* **Exercise data**:
=== Begin Enclosure ===

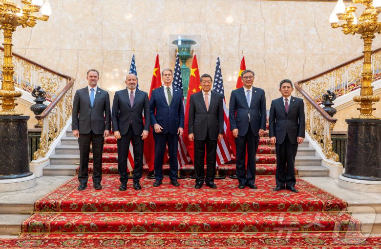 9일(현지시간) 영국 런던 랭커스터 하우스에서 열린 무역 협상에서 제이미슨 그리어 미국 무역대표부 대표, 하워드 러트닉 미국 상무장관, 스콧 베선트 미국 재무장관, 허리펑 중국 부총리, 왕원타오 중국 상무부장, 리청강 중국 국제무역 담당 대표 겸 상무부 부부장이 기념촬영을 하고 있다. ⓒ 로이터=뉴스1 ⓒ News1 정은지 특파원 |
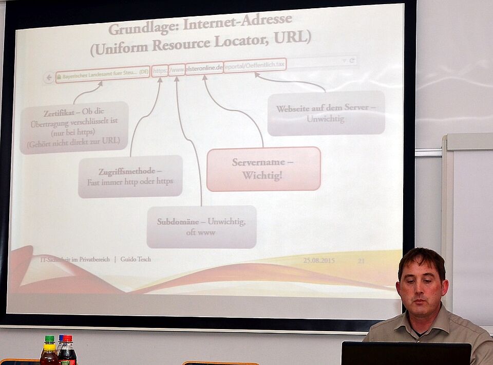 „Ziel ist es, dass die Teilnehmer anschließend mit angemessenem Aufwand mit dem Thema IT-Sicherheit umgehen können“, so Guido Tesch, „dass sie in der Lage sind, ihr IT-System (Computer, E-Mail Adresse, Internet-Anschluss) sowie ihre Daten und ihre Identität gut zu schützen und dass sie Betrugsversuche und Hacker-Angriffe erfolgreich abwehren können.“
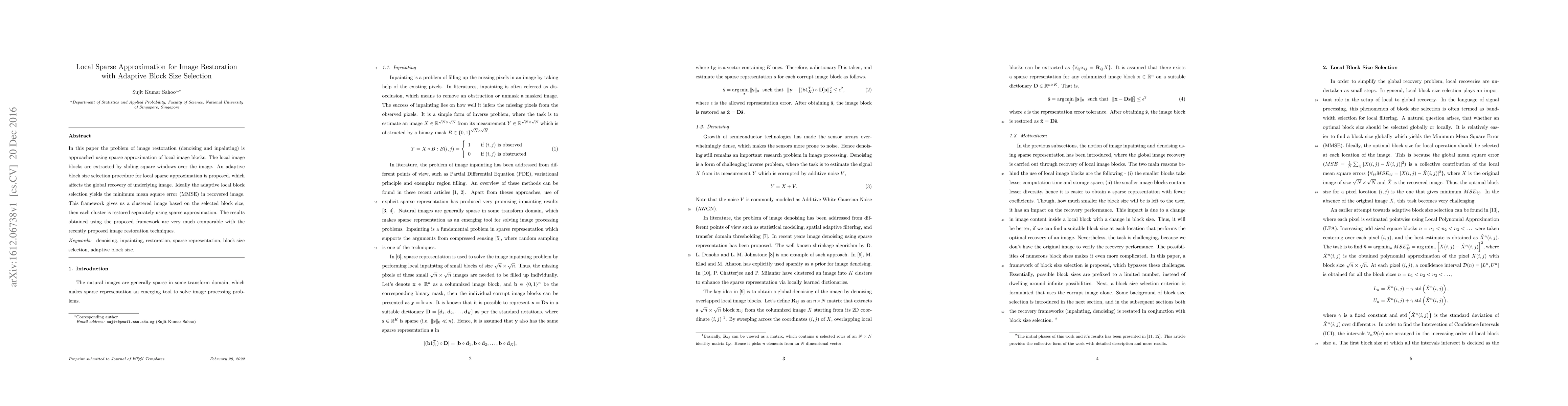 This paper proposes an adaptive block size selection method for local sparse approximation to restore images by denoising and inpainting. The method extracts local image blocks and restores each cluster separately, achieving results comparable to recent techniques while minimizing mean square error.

=== End Enclosure ===
=== Begin Enclosure ===

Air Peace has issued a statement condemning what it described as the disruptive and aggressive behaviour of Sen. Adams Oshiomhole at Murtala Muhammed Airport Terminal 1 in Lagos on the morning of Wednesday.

=== End Enclosure ===

* **Exercise**:
Excerpt from the records above: set down only the lines from the one that contains "9일(현지시간) 영국 런던" through the one that contains "This paper proposes", inclusive, word for word. Pictures stay out.

* **Response to this exercise**:
 9일(현지시간) 영국 런던 랭커스터 하우스에서 열린 무역 협상에서 제이미슨 그리어 미국 무역대표부 대표, 하워드 러트닉 미국 상무장관, 스콧 베선트 미국 재무장관, 허리펑 중국 부총리, 왕원타오 중국 상무부장, 리청강 중국 국제무역 담당 대표 겸 상무부 부부장이 기념촬영을 하고 있다. ⓒ 로이터=뉴스1 ⓒ News1 정은지 특파원 |
 „Ziel ist es, dass die Teilnehmer anschließend mit angemessenem Aufwand mit dem Thema IT-Sicherheit umgehen können“, so Guido Tesch, „dass sie in der Lage sind, ihr IT-System (Computer, E-Mail Adresse, Internet-Anschluss) sowie ihre Daten und ihre Identität gut zu schützen und dass sie Betrugsversuche und Hacker-Angriffe erfolgreich abwehren können.“
 This paper proposes an adaptive block size selection method for local sparse approximation to restore images by denoising and inpainting. The method extracts local image blocks and restores each cluster separately, achieving results comparable to recent techniques while minimizing mean square error.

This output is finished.